- **TASK GOAL**:
Transcribe each record word for word. Skip the images.
Content starts
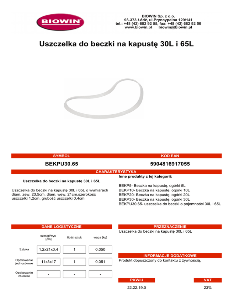 Uszczelka do beczki na kapustę 30L i 65L SYMBOL KOD EAN BEKPU30.65 5904816917055 CHARAKTERYSTYKA Inne produkty z tej kategorii: Uszczelka do beczki na kapustę 30L i 65L BEKP5- Beczka na kapustę, ogórki 5L BEKP10- Beczka na kapustę, ogórki 10L Uszczelka do beczki na kapustę 30L i 65L o wymiarach diam. zew. 23,5cm, diam. wew. 21cm.szerokość BEKP20- Beczka na kapustę, ogórki 20L uszczelki 1,2cm, grubość uszczelki 0,4cm BEKP30- Beczka na kapustę, ogórki 30L BEKPU30.65- uszczelka do beczki o pojemności 30L i 65L DANE LOGISTYCZNE Sztuka PRZEZNACZENIE Uszczelka do beczki na kapustę 30L i 65L szer/gł/wys [cm] Ilość sztuk waga [kg] 1,2x21x0,4 1 0,050 Opakowanie jednostkowe 11x3x17 1 0,051 Opakowanie zbiorcze - - - INFORMACJE DODATKOWE Produkt dopuszczony do kontaktu z żywnością. PKWiU VAT 22.22.19.0 23%
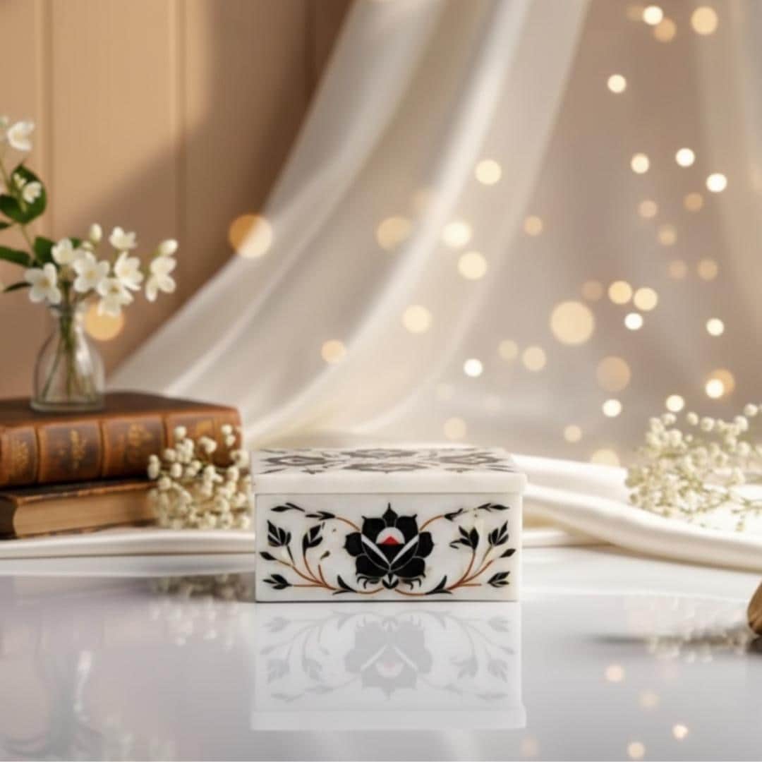 🌸 Handmade Marble Keepsake Box This elegant jewelry box is meticulously carved from 100% natural marble and adorned with beautiful floral motifs, inspired by the iconic Taj Mahal inlay art tradition. No two pieces are the same — every box features unique stone patterns, rich color contrasts, and hand-set semi-precious inlays.
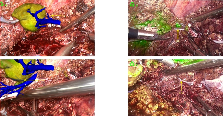 Abstract:Background and Aims Laparoscopic resection of centrally located hepatic tumors remains technically demanding due to the complex anatomical relationships with major vascular structures. Conventional intraoperative ultrasound or indocyanine green fluorescence imaging (ICG-FI) alone has limitations, particularly in visualizing deep anatomical structures. This study aimed to evaluate the clinical value of augmented reality (AR) navigation combined with ICG-FI in laparoscopic resection of central hepatic tumors.Methods A retrospective analysis was conducted on 38 consecutive patients who underwent laparoscopic resection of central hepatic tumors guided by AR navigation combined with ICG-FI between May 2022 and March 2025. Intraoperative navigation performance, surgical parameters, and perioperative outcomes were assessed.Results All 38 procedures were completed laparoscopically without conversion. The intraoperative tumor fluorescence detection rate was 100%. The mean operative time was (324.9 ± 132.4) min, and the median intraoperative blood loss was 400 (50-1 200) mL. The mean registration error was (6.3±0.6) mm. The median number of predicted and verified vessels was 6 (4-8) and 7 (5-10), respectively. R0 resection was achieved in all patients, with a mean surgical margin of (1.5±0.5) cm. The postoperative complication rate was 13.2%, with no severe complications such as intra-abdominal hemorrhage, gas embolism, or liver failure. The median postoperative hospital stay was 9 (4-20) days. During a median follow-up of 20 months, no tumor recurrence was observed.Conclusion The combined use of AR navigation and ICG-FI enables intraoperative prediction and verification of critical vascular structures and facilitates precise control of the transection plane in laparoscopic resection of central hepatic tumors. This technique improves surgical precision and safety and shows promising clinical potential.
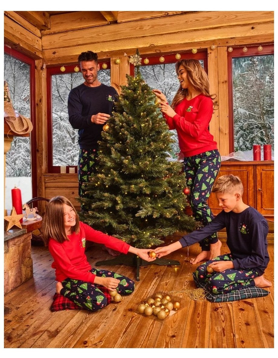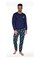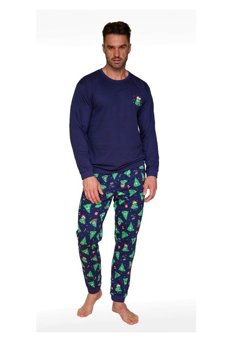Pánské dlouhé bavlněné pyžamo CORNETTE - Christmas tree s tiskem veselých stromečků na tm.modrém základě. Kalhoty jsou celotištěné s gumou v pase, bez kapes s nohavicemi ukončenými do lemu. Horní jednobarevný díl s kulatým výstřihem je zdobený originálním tiskem s rukávy do lemu.
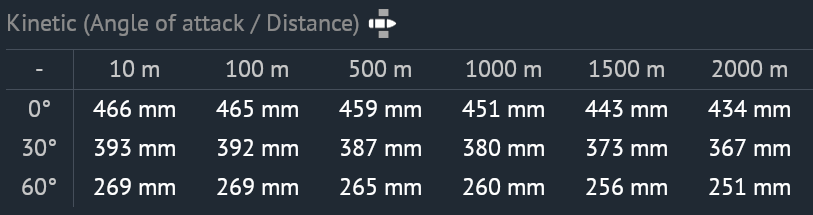 >>556148238Pen at 100m is not relevant or even accurate because it's going to trick new players. You also have a little chart that is more accurate, but they bastardized that chart for HE-based shells like I said and again to new players' detriment.
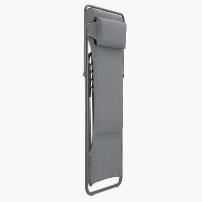 Ensure exceptional comfort while relaxing in your backyard, camping, or watching your favorite sporting event with the Lafuma Maxi Transat Plus Sling Chair. With a wide frame, lack of crossbar at the front of the seat, and BeComfort padding, this chair will satisfyingly fulfill all your wants. Featuring 4 position safety rack adjusters, this supportive chair allows you to customize the backrest tilt to your ideal comfort level while the extra width ensures ample seating space. The sling surface is made from Batyline quick-drying mesh fabric that’s resistant to weather and tearing, providing a cradling, supportive surface for your comfort. With protective foot glides and reinforced skids, this chair offers maximum stability indoors or outdoors. For even more comfort, this low-seated, tall back chair includes a removable canvas and an adjustable foam headrest. The ultra-compact, folding design makes the chair easy to move and store away when it’s not in use. Be prepared for ultimate relaxation with the Maxi Transat Plus Sling Chair from Lafuma.
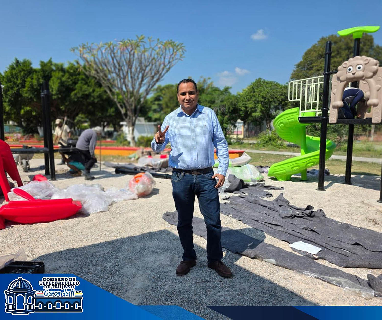 El presidente municipal de Tepecoacuilco, Julio Galarza Castro, realizó una visita de supervisión a la obra de rehabilitación del parque público en la comunidad de San Vicente Palapa, constatando los avances y reafirmando el compromiso de seguir impulsando espacios dignos para las familias. / Foto: DCS TEPECOACUILCO
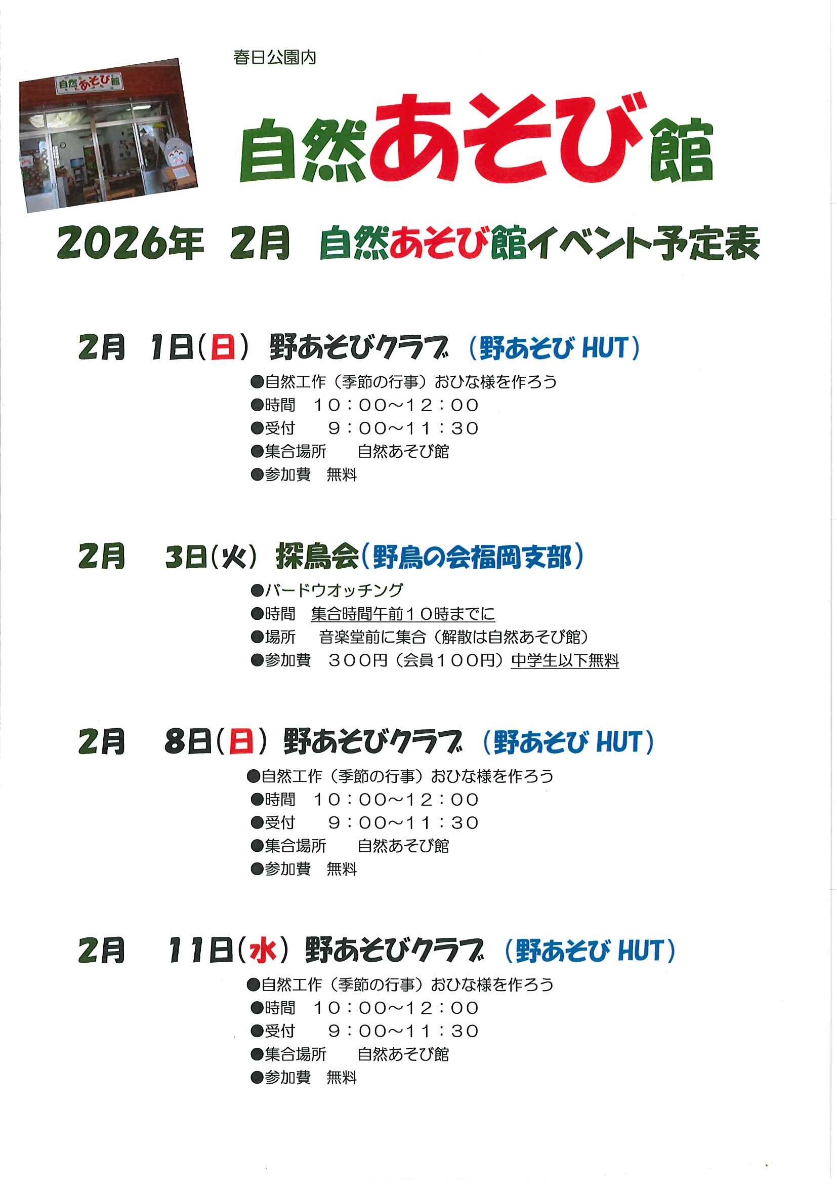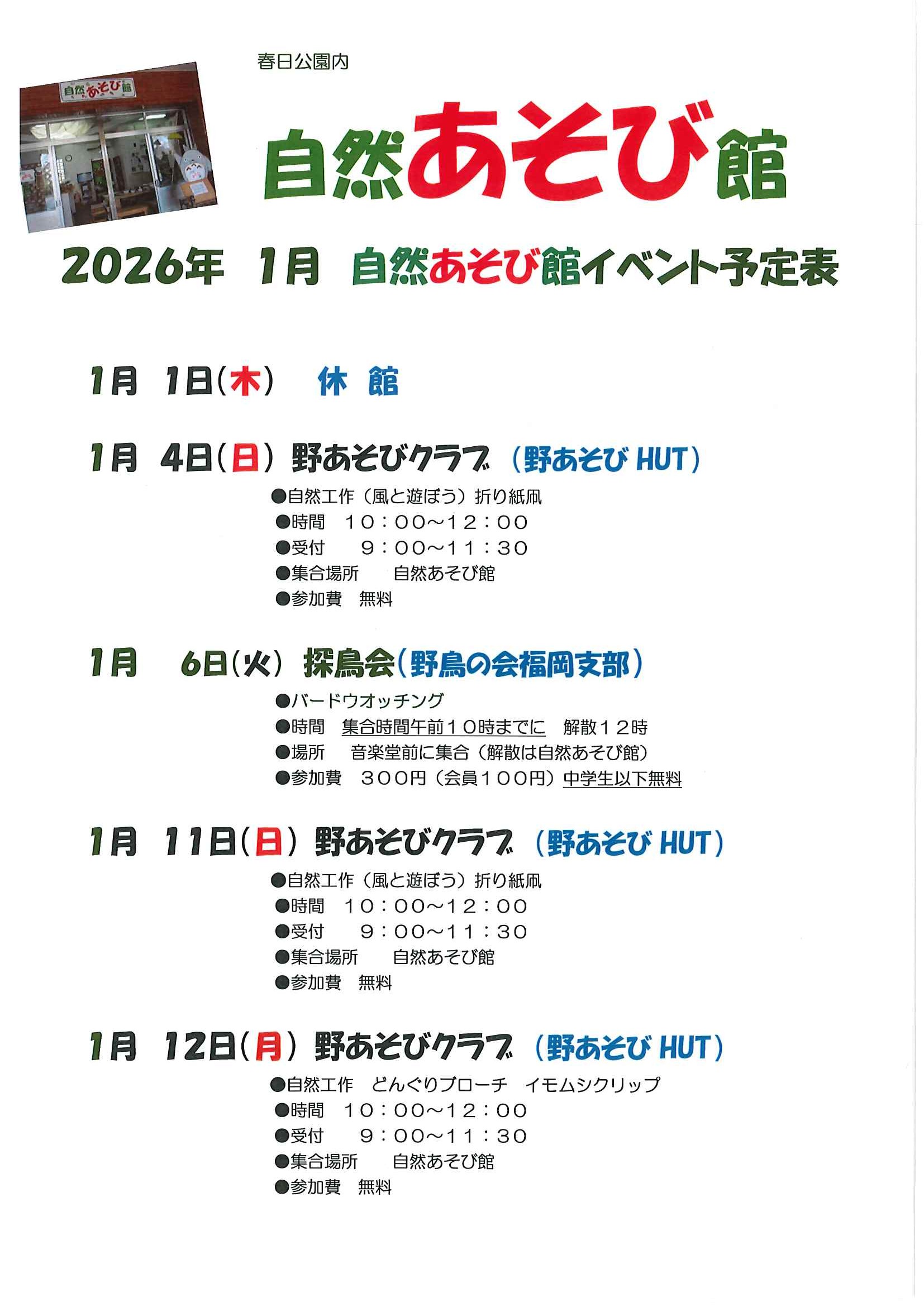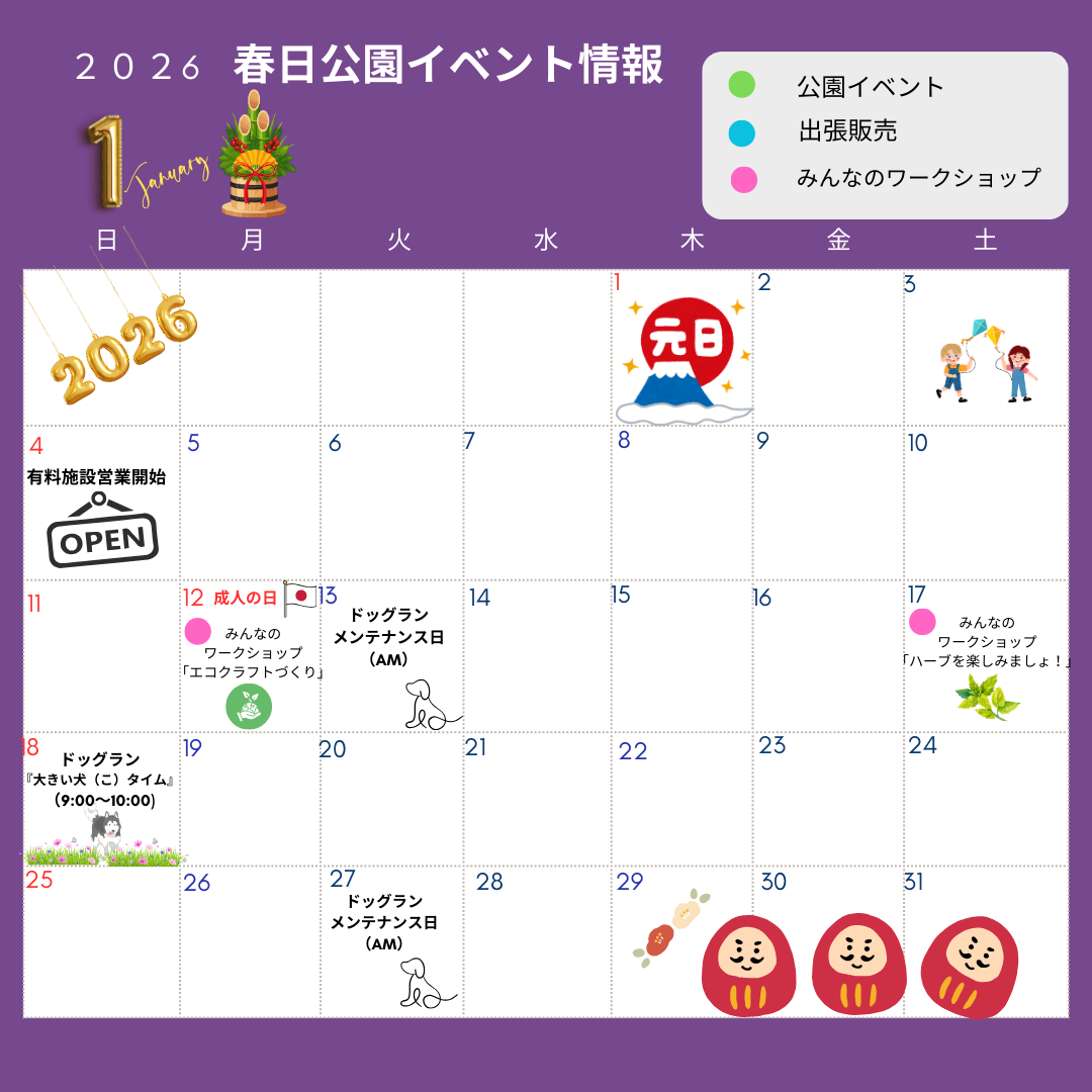 1月の春日公園イベント情報です。
Content ends
- **RESPONSE**:
 Uszczelka do beczki na kapustę 30L i 65L SYMBOL KOD EAN BEKPU30.65 5904816917055 CHARAKTERYSTYKA Inne produkty z tej kategorii: Uszczelka do beczki na kapustę 30L i 65L BEKP5- Beczka na kapustę, ogórki 5L BEKP10- Beczka na kapustę, ogórki 10L Uszczelka do beczki na kapustę 30L i 65L o wymiarach diam. zew. 23,5cm, diam. wew. 21cm.szerokość BEKP20- Beczka na kapustę, ogórki 20L uszczelki 1,2cm, grubość uszczelki 0,4cm BEKP30- Beczka na kapustę, ogórki 30L BEKPU30.65- uszczelka do beczki o pojemności 30L i 65L DANE LOGISTYCZNE Sztuka PRZEZNACZENIE Uszczelka do beczki na kapustę 30L i 65L szer/gł/wys [cm] Ilość sztuk waga [kg] 1,2x21x0,4 1 0,050 Opakowanie jednostkowe 11x3x17 1 0,051 Opakowanie zbiorcze - - - INFORMACJE DODATKOWE Produkt dopuszczony do kontaktu z żywnością. PKWiU VAT 22.22.19.0 23%
 🌸 Handmade Marble Keepsake Box This elegant jewelry box is meticulously carved from 100% natural marble and adorned with beautiful floral motifs, inspired by the iconic Taj Mahal inlay art tradition. No two pieces are the same — every box features unique stone patterns, rich color contrasts, and hand-set semi-precious inlays.
 Abstract:Background and Aims Laparoscopic resection of centrally located hepatic tumors remains technically demanding due to the complex anatomical relationships with major vascular structures. Conventional intraoperative ultrasound or indocyanine green fluorescence imaging (ICG-FI) alone has limitations, particularly in visualizing deep anatomical structures. This study aimed to evaluate the clinical value of augmented reality (AR) navigation combined with ICG-FI in laparoscopic resection of central hepatic tumors.Methods A retrospective analysis was conducted on 38 consecutive patients who underwent laparoscopic resection of central hepatic tumors guided by AR navigation combined with ICG-FI between May 2022 and March 2025. Intraoperative navigation performance, surgical parameters, and perioperative outcomes were assessed.Results All 38 procedures were completed laparoscopically without conversion. The intraoperative tumor fluorescence detection rate was 100%. The mean operative time was (324.9 ± 132.4) min, and the median intraoperative blood loss was 400 (50-1 200) mL. The mean registration error was (6.3±0.6) mm. The median number of predicted and verified vessels was 6 (4-8) and 7 (5-10), respectively. R0 resection was achieved in all patients, with a mean surgical margin of (1.5±0.5) cm. The postoperative complication rate was 13.2%, with no severe complications such as intra-abdominal hemorrhage, gas embolism, or liver failure. The median postoperative hospital stay was 9 (4-20) days. During a median follow-up of 20 months, no tumor recurrence was observed.Conclusion The combined use of AR navigation and ICG-FI enables intraoperative prediction and verification of critical vascular structures and facilitates precise control of the transection plane in laparoscopic resection of central hepatic tumors. This technique improves surgical precision and safety and shows promising clinical potential.
Pánské dlouhé bavlněné pyžamo CORNETTE - Christmas tree s tiskem veselých stromečků na tm.modrém základě. Kalhoty jsou celotištěné s gumou v pase, bez kapes s nohavicemi ukončenými do lemu. Horní jednobarevný díl s kulatým výstřihem je zdobený originálním tiskem s rukávy do lemu.
 >>556148238Pen at 100m is not relevant or even accurate because it's going to trick new players. You also have a little chart that is more accurate, but they bastardized that chart for HE-based shells like I said and again to new players' detriment.
 Ensure exceptional comfort while relaxing in your backyard, camping, or watching your favorite sporting event with the Lafuma Maxi Transat Plus Sling Chair. With a wide frame, lack of crossbar at the front of the seat, and BeComfort padding, this chair will satisfyingly fulfill all your wants. Featuring 4 position safety rack adjusters, this supportive chair allows you to customize the backrest tilt to your ideal comfort level while the extra width ensures ample seating space. The sling surface is made from Batyline quick-drying mesh fabric that’s resistant to weather and tearing, providing a cradling, supportive surface for your comfort. With protective foot glides and reinforced skids, this chair offers maximum stability indoors or outdoors. For even more comfort, this low-seated, tall back chair includes a removable canvas and an adjustable foam headrest. The ultra-compact, folding design makes the chair easy to move and store away when it’s not in use. Be prepared for ultimate relaxation with the Maxi Transat Plus Sling Chair from Lafuma.
 El presidente municipal de Tepecoacuilco, Julio Galarza Castro, realizó una visita de supervisión a la obra de rehabilitación del parque público en la comunidad de San Vicente Palapa, constatando los avances y reafirmando el compromiso de seguir impulsando espacios dignos para las familias. / Foto: DCS TEPECOACUILCO
 1月の春日公園イベント情報です。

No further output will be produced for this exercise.